Modeling the liquid-liquid extraction equilibrium of iron (III) with hydroxyoxime extractant and equilibrium-based simulation of counter-current copper extraction circuits

•A mechanistic model for iron (III) liquid-liquid extraction equilibrium is developed.•A useful empirical correlation for organic phase non-ideality is used.•The model is shown to be applicable over a wide range of operating conditions.•D-optimal design of experiments was used for model validation.•Influence of iron (III) on the copper liquid-liquid extraction process was analyzed.

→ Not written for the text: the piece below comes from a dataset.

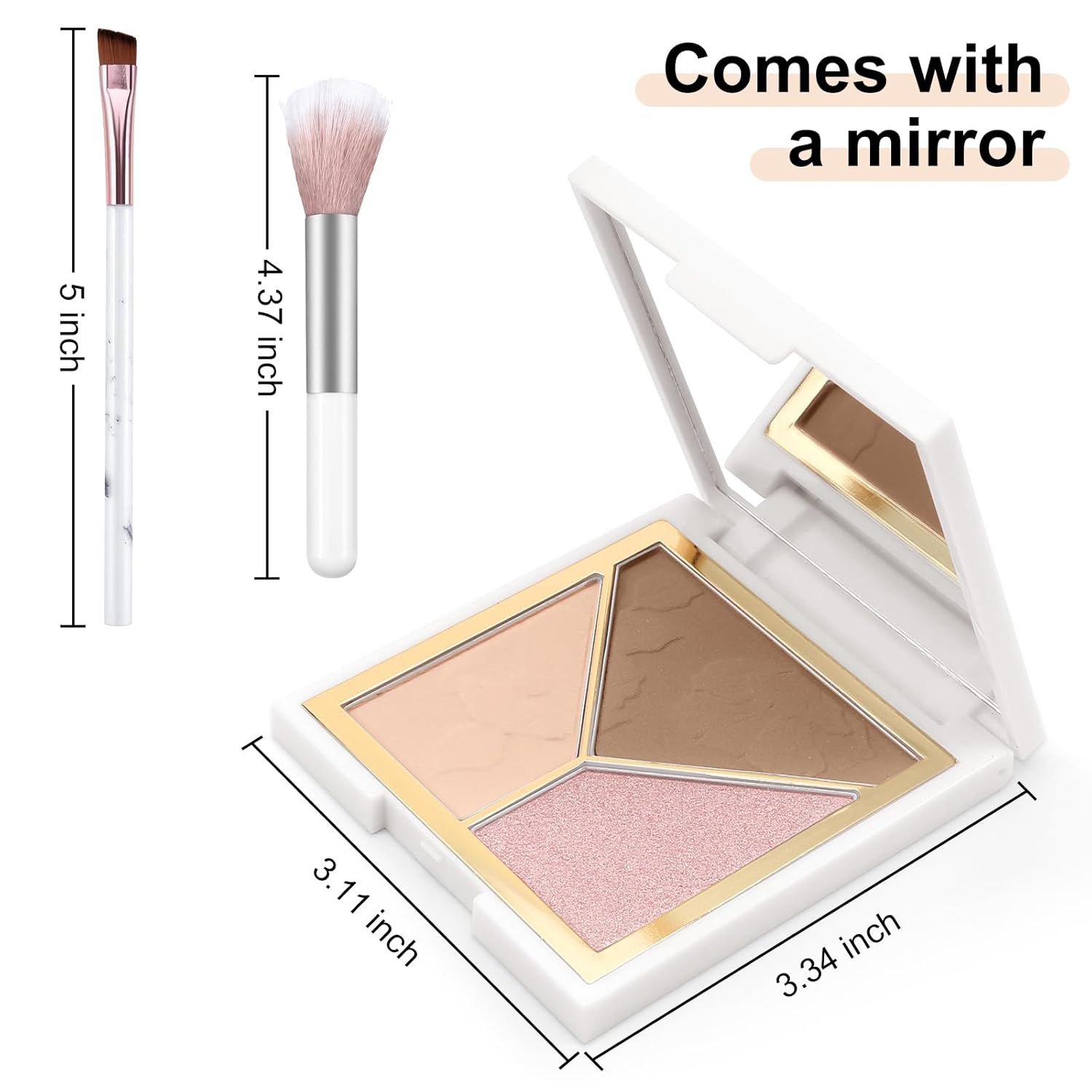 Easy to Apply and Blend: Contouring, simply apply a little of the bronzer shades on the side of the nose and contours of the cheeks, some blusher on the cheekbones, and a touch of highlighter on the arch of the brows chin and cheekbones, and gently blend with a brush.

The phase equilibrium in the loading and stripping stages of the liquid-liquid extraction of iron (III) with hydroxyoxime extractant in kerosene was studied over a wide range of hydroxyoxime extractant (Acorga M5640, 3-25 vol-%) and iron (1.5-45 g/L) concentrations. A mechanistic mathematical model explaining the phase equilibrium in the loading stage was developed and validated with new experimental data. The model accounts for the non-ideality of both the aqueous and the organic phases. The composition of the aqueous sulfate solution was calculated through speciation of the electrolytes with an extended Debye-Hückel model. The organic phase non-ideality in the loading stage was described with an empirical correlation that accounts for the effect of extractant concentration on the extraction equilibrium constant. The model parameters were fitted against measured experimental data using nonlinear regression analysis. A mechanistic mathematical model explaining the co-extraction of iron in copper liquid-liquid extraction was developed and validated using D-optimal experiment design and the Markov chain Monte Carlo algorithm. The model facilitates the optimization of copper liquid-liquid extraction circuits, as iron is the most common impurity in industrial systems, making process operations challenging.